Об этом, мню, следует знать и православному патриоту-монархисту, чтущему память убиенного Государя. Будем помнить, что кроме 17 июля 1918 года была и иная скорбная дата: 2/15 марта 1917 года, которую не следует забывать русским людям. В отличие от наших СМИ, искусно канализирующих гнев, горечь и раскаяние православного русского народа на события в Екатеринбурге (особенно когда демократам в чем-то необходимо запнуть нынешних коммунистов), но напрочь забывающих, что “начало этой трагедии, и не только этой, но, как было показано выше, и горшей, положили действия демократическо-масонских заговорщиков в феврале-марте 1917 года.
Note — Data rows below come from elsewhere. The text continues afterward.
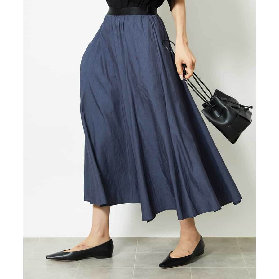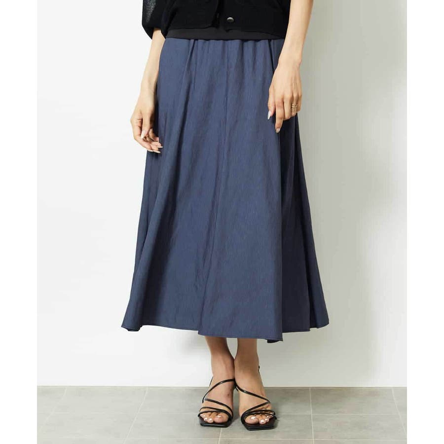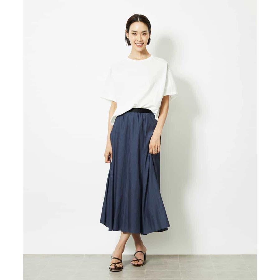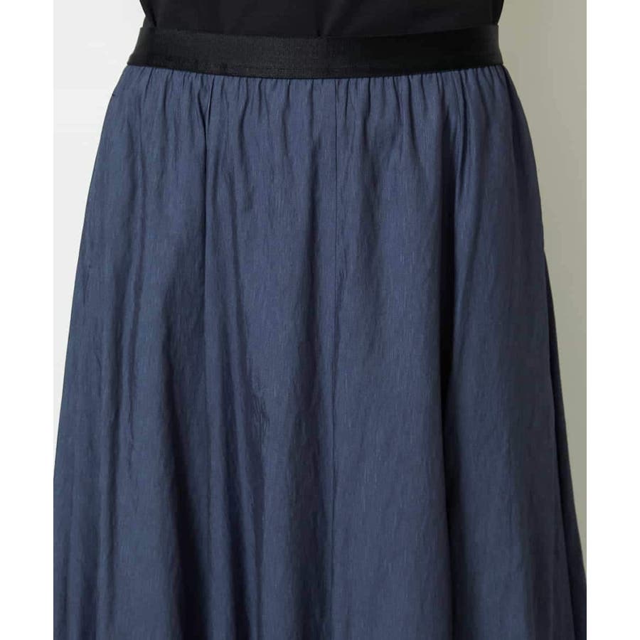 ブラックのサテンベルトがアクセントになった、デザイン性のあるスカート。ウエストはゴム仕様で、ストレスフリーなはき心地ながらも、配色ベルトが全体を引き締め、シャープな印象に仕上げています。腰まわりはすっきりと見えるシルエットで、裾にかけてほんのり広がるマーメイド風のフレアラインが女性らしい動きを演出。トップスをインしたスタイリングも映える、上品さとラクさを兼ね備えた一枚です。36・40サイズは限定店舗展開です。
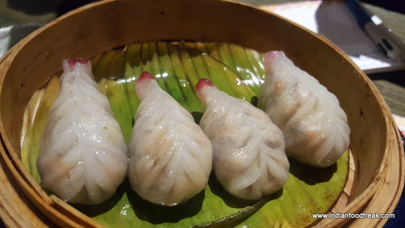 Mushroom Dimsum were finely chopped shitake mushrooms, baby corn, carrot and brocolli loaded crystal dim sums served with a burnt chili dip and a spicy chili sauce. A mushroom lover’s delight no doubt.
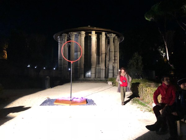 Suspended above the piazza was “Day Hole” a video installation with a disk of daylight sky, playing nicely off the same-sized moon. The taranta pizzicata band Canzoniere Grecanico Salentino rocked, while nearby Opera Camion waxed lyric. Finally, returning to the Tiber, projections onto the Tiber Island, along with devastatingly beautiful illumination of Ponte Sisto, convinced me that this event is the best thing to come to Rome since Triumphs and Laments.
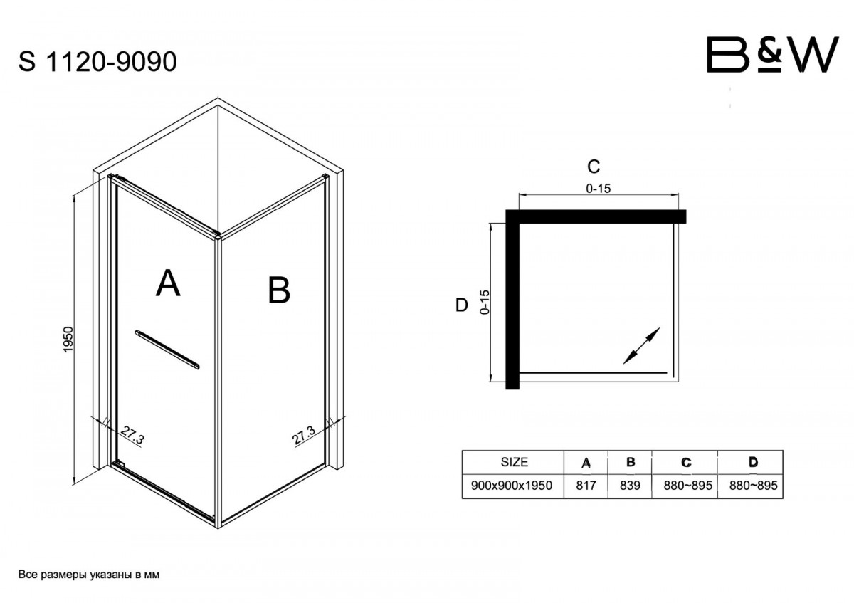 - Размеры: 90 × 90 × 195 см
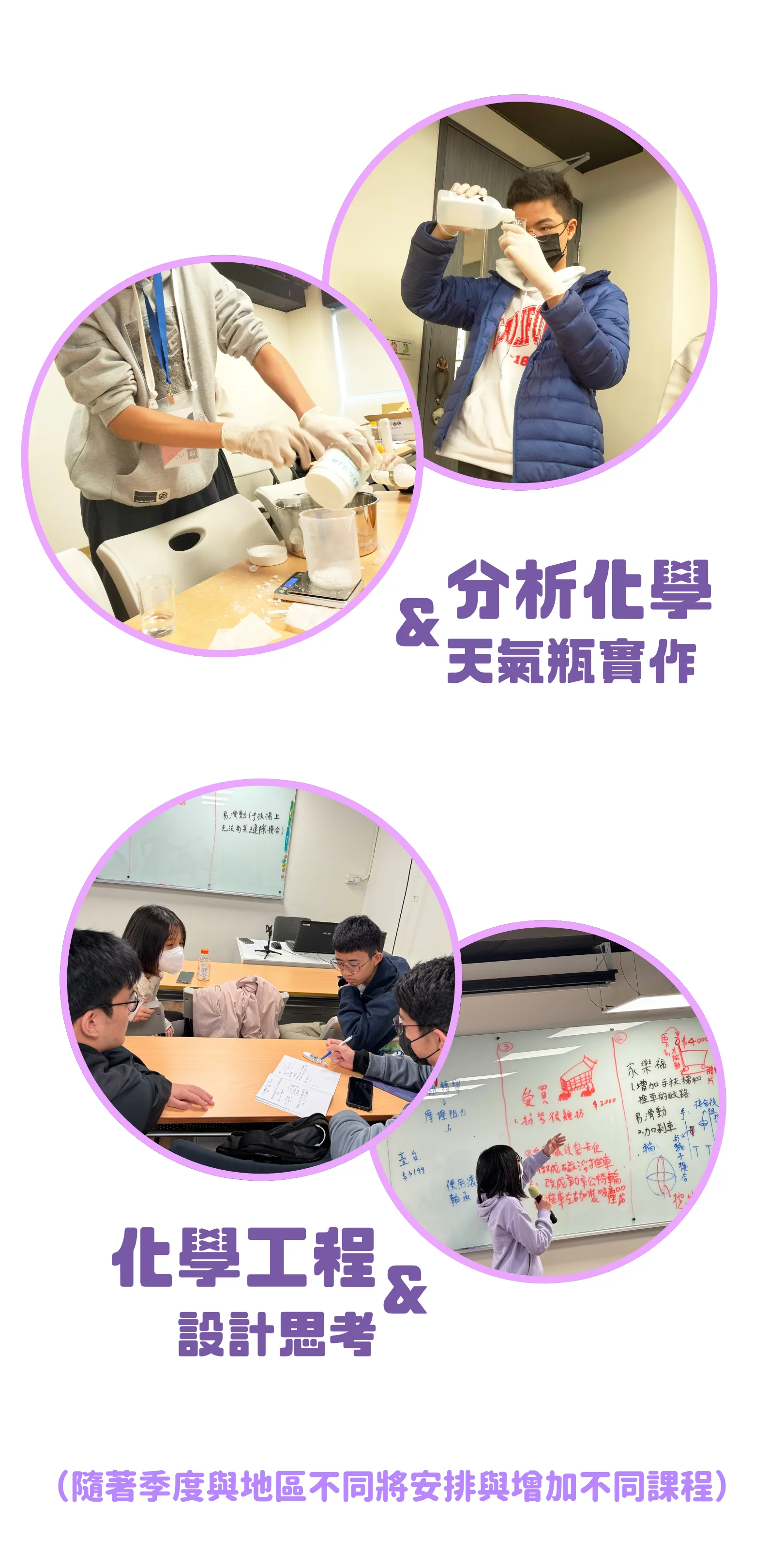 | 1040-1200 | 材料化工 實作:生活中泛用塑膠製品分類及辨識方法實作 鵬富有限公司 經理 | 化學分析 實作:分子神秘面紗-天氣瓶 台積電製程整合工程師 |
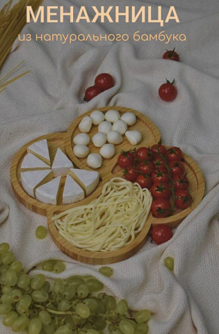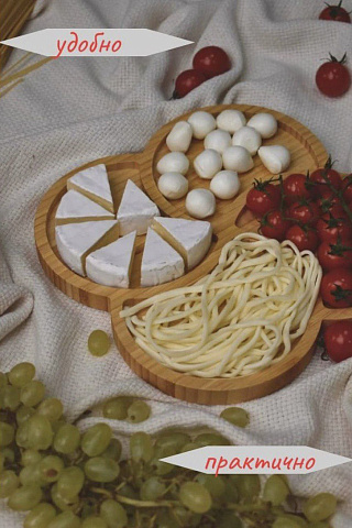Менажница для сервировки дерево - ПОЛУКРУГ 4 СЕКЦИЙ
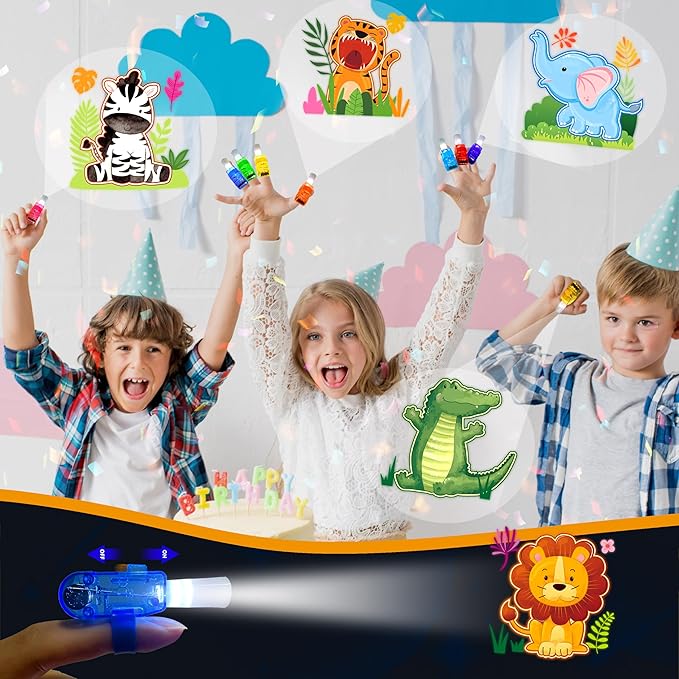 About This Jungle Safari Theme Party Favors Toys: Come with 24 finger lights in 8 designs,each for 3pcs. Just press... Read more
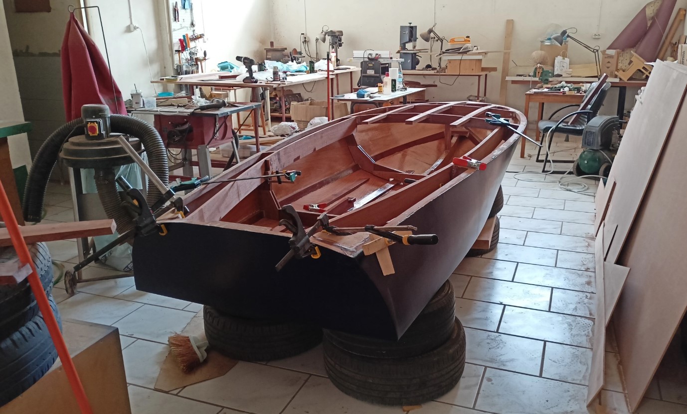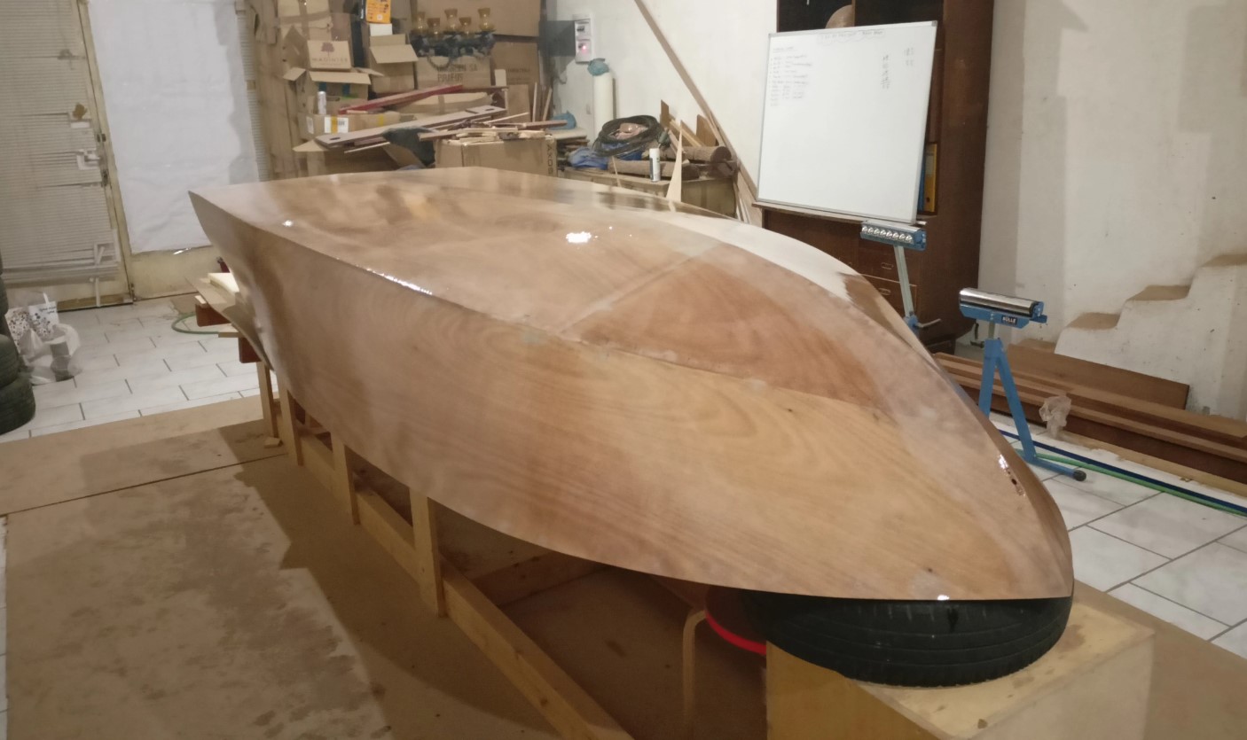 Το σκάφος ξανατούμπαρε. Τοποθετήθηκε προσωρινά πάνω σε λάστιχα αυτοκινήτου, γιατί για να ξαναμπεί στη βάση πρέπει να διαμορφωθεί αυτή καθώς πλέον υπάρχει η καρίνα. Θα την φτιάξω καποια στιγμή και μόλις βρω παρέα θα την μεταφέρω. Και στις ρόδες πάντως μπορούν να γίνουν άνετα εργασίες. Είναι λίγο πιο χαμηλά (έχω βάλει δύο ρόδες για να σηκώθεί λίγο παραπάνω) αλλα οι εργασίες γίνονται σχετικά άνετα.

Если же кто-то возразит, что тогда, мол, было совершено не ритуальное преступление, т. к. в феврале 17-го в отличие от июля 18-го не было ритуала, то, во-первых, внимательный читатель, прочитав все выше написанное, уже должен был бы понять, что ритуал в так называемых ритуальных преступлениях не играет никакой особой роли, а служит отчасти для обмана глупцов, отчасти для отягощения этих преступлений, суть которых определяется не им, а вышеуказанными пятью признаками. И им-то идеально соответствуют события февраля-марта 17-го. Во-вторых, попытка привести антихриста есть зло мистическое само по себе и без какого-либо ритуала.
Теперь поговорим о наказании, которое следует за подобного рода преступлениями всем их соучастникам (по всей цепи соучастия).
Во-первых, все они наказываются духовной смертью. Без сугубого покаяния именно в этом грехе и принесения достойного Плода покаяния, т. е. совершения дел, противоположных первым, они не могут духовно возродиться, совоскреснуть с Христом. То есть не могут начать духовную жизнь даже при сильном желании и больших усилиях с их стороны. Что, впрочем, вообще положено за любой тяжкий нераскаянный грех, и в этом смысле соучастие в ритуальном преступлении ничем не отличается от других беззаконий.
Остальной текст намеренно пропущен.